I 've got shiva plants -- my old roomate says that topping is the way to go -- then again some say that topping is not always a good thing -- The plants are doing well in spite of me -- since I'm new at this -- I have not topped, figured the less I have a sharp cutting blade around the plants -- the safer for both of us -- The plants are 2' now and they are feminized -- What should I do -- anybody know how this strain reacts -- let me know and I could sure use a drawing to make sure I'm topping correctly -- how many toppings should you do to one plant at a time -- peace -- Mr. Potato Head.


----------



## Ad1 (May 11, 2005)

I've had good results from topping, especially in hydro, however some strains dont handle it well


----------



## Mr. Potato Head (May 15, 2005)

Thanks for the reply -- I don't suppose you could draw a diagram of  -- I'm just not sure where to actually make the cuts? I have a sativa strain coming on as well -- I think it will probaly need more pruning? Mr. Potato Head -- P.S. -- looking to do a little trading of seeds -- looking for juicy fruit -- I have fresh feminized Shanti Shiva to offer -- let me know


----------



## notthecops (May 15, 2005)

Topping is really up to you.  It'll make the plant wider, but give you smaller buds.  If you leave it, you'll get less buds, but bigger.  I all really evens out.  It's just a matter of how much room you have.
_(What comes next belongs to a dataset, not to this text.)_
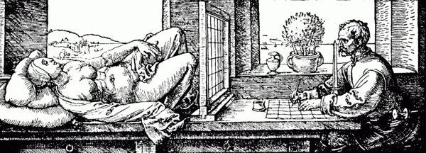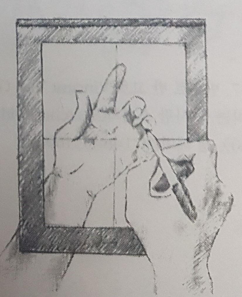 사실 화가들도 우리가 상상하는 것과 달리 옛날부터 구도를 잡고 밑그림을 그리는데 도구를 활용해 왔다. 16세기의 위대한 르네상스 화가인 알브레히트 뒤러는 3차원 물체를 2차원 평면 위에 옮길 수 있는 도구를 발명했다. 아래의 그림처럼 화가 앞의 탁자 위에는 격자 철망과 똑같은 크기의 격자 표시 종이가 놓여 있는데, 화가는 이 철망을 통해서 정확한 각도, 굴곡, 선의 길이 등을 수직·수평선과 비교하면서 그가 지각한 것을 종이 위에 그린다. 만약 자기가 본 것을 그대로 그린다면 비례나 형상, 크기 등은 우리가 알고 있는 실제 인체와는 다르다. 따라서 본 그대로, 즉 사실과 다른 비례대로 그리게 될 경우에만 그림이 실제와 같아진다. 이것이 르네상스 이후 화가들이 입체적인 공간을 평면에 나타내는 데 사용했던 원근 투시법의 원리이다.
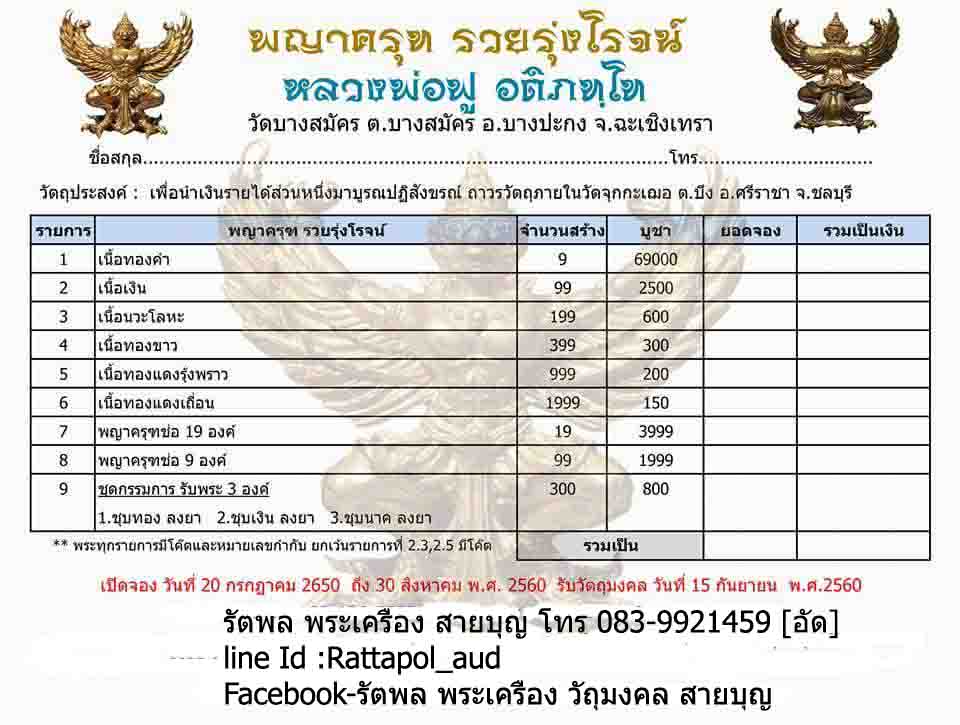 เปิดจอง พญาครุฑ รุ่นแรก หลวงพ่อฟู รุ่น รวยรุ่งโรจน์ หลวงพ่อฟู วัดบางสมัคร จ.ฉะเชิงเทรา

Make the cut betweent the top, and second set of leaves.  As close to the lower set as you can get.  Make it a diagonal cut. Only cut the stalk, not the leaves.  Do this in the early hours of the light cycle, not when it's too hot.


----------



## Mr. Potato Head (May 16, 2005)

Thanks for the simple explain -- If you have enough room -- no need to top -- I like simple -- Mr.Potato Head.


----------



## SmokeMe (May 20, 2005)

Hey man. Ive had some luck with cutting the tip in half. If you get it right you can get a very thick & tall plant without loseing too much(if any)of the thickness in the head.It slows the growth of the main stem for about 2-3weeks(when grown outside) & allows the bottom to really take off.As main stem starts to grow the leaves off the main steam will have there fingers cut off untill it grows out(about 5-10 sets) Ive only tryed this outdoors though.Doing this again just before flowering will get them twice as thick as normal without the use of chemicals.


----------



## joe blow (May 23, 2005)

YOU DON'T HAVE TO CUT.  SIMPLY PINCH THE TOP RIGHT OFF WITH YOUR TWO FINGERS.  then when you have two colas pinch it again and you will have 4..= 4x the weed


----------



## naimitsukai (May 24, 2005)

your right joe. my friend just told me today after school that you can just pinch it. no need to take a knife to your plant.

peace


----------



## kevin (May 25, 2005)

how long have you been in veg, how much room do you have to grow, are you hydro or dirt, indoor or out? 

it really depends on the strain how they react to topping. some you do get more of a yeild and others you get less. It would help if you knew what you were growing and how it likes to grow. If you know someone who has grown that strain before then ask them how it reacts to different things.  I also usualy start to top at about 8- 12 inches

kevin


----------



## Mr. Potato Head (May 27, 2005)

I'm guilty of wanting to see big -- 1st attempt at grow -- plants are all girls -- fem's shiva -- indica -- now 3' plus -- almost too big for limited indoor sunshine --have made up mind to start flower -- guilty of making all the first time troubles -- tell me more -- how safe is this medium of communication -- friend saya not -- I am still not wanting to top -- because don't know enough -- peace.


----------



## Mr. Potato Head (May 27, 2005)

I'm sorry -- did'nt answer questions -- soil -- indoor/outdoor -- have the best of both -- bugs are bad this year -- mild winter -- thanks for reply -- not topping -- because I don't know shit -- peace.


----------



## GanjaGuru (May 28, 2005)

There is one thing I'd like to add to notthecops' excellent reply:
Some growers top their plants to keep them from growing in the typical x-mas tree shape that pigs in the sky look for.
Also, it keeps them shorter which lessens the chance of discovery.
If you top, use a clean razor blade.


----------